- Born: William French Sawin October 1993 (age 32) Malden, Massachusetts, United States
- Education: Princeton University; Yale University;
- Awards: Sloan Fellowship (2023); SASTRA Ramanujan Prize (2021);
- Scientific career
- Fields: Mathematics
- Workplaces: Princeton University; Columbia University; ETH Zürich;
- Thesis: A Tannakian Category and a Horizontal Equidistribution Conjecture for Exponential Sums (2016)
- Doctoral advisor: Nick Katz

= Will Sawin =

Mathematician

William French Sawin (born in October 1993) is the Fernholz Professor of Mathematics at Princeton University specialising in number theory and algebraic geometry.

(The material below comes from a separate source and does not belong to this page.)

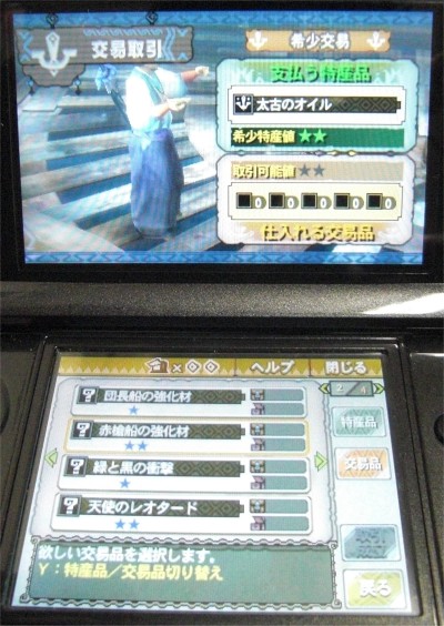 とまあ、通常と希少では手順が逆な上、途中に「戻る」とかYボタンとか挟むものだから分かりくいったらありゃしません。
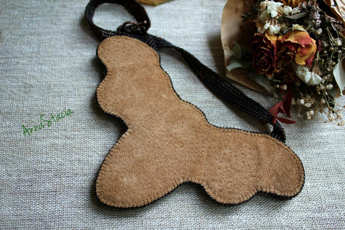 Колье — итог пристраивания среза агата, он довольно большой для меня. Длина — 44,5 см; вышитой части — 12,5 х 9 см. Результат мне нравится. Вышитая часть полностью японский бисер. Подвешено на бисерные ленты из чеха. На человеке фото нет

==Early life and education==
Will Sawin was born in Malden, Massachusetts in October 1993. He was a child prodigy and began his undergraduate studies at Yale University when he was 10 years old. During this period, he also attended Fairfield Warde High School. He received both his high school diploma and his BSc degree in mathematics and economics from Yale University in 2011.

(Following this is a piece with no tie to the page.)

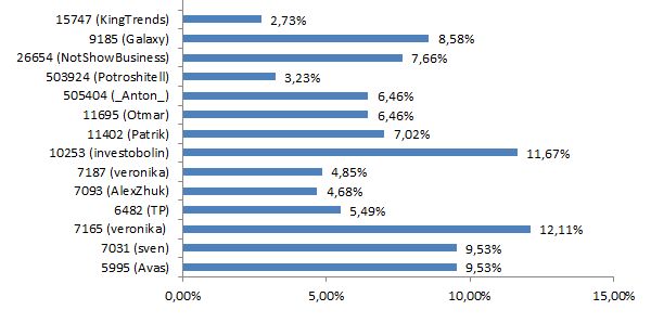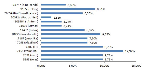 7. ПАММ счет 7165 (veronika) ------------- 80$ - 6,80%

He earned his PhD degree from Princeton University in 2016 on "A Tannakian Category and a Horizontal Equidistribution Conjecture for Exponential Sums" under the supervision of Nick Katz.

==Career==
Sawin was a postdoctoral junior fellow at ETH Zürich from 2016 to 2018. He joined the faculty at Columbia University as an assistant professor in 2018 and was promoted to associate professor in 2023. He moved to Princeton University as a professor of mathematics in 2024.

==Research==
Sawin found important applications of étale cohomology to the theory of exponential sums over finite fields. He also uses classical counting techniques in analytic number theory in the study of cohomology of spaces that are of interest in algebraic geometry.

==Awards and honors==
Sawin held a Clay Research Fellowship from the Clay Mathematics Institute from 2018 to 2021. He was awarded the SASTRA Ramanujan Prize in 2021. In 2023, Sawin was awarded a Sloan Fellowship.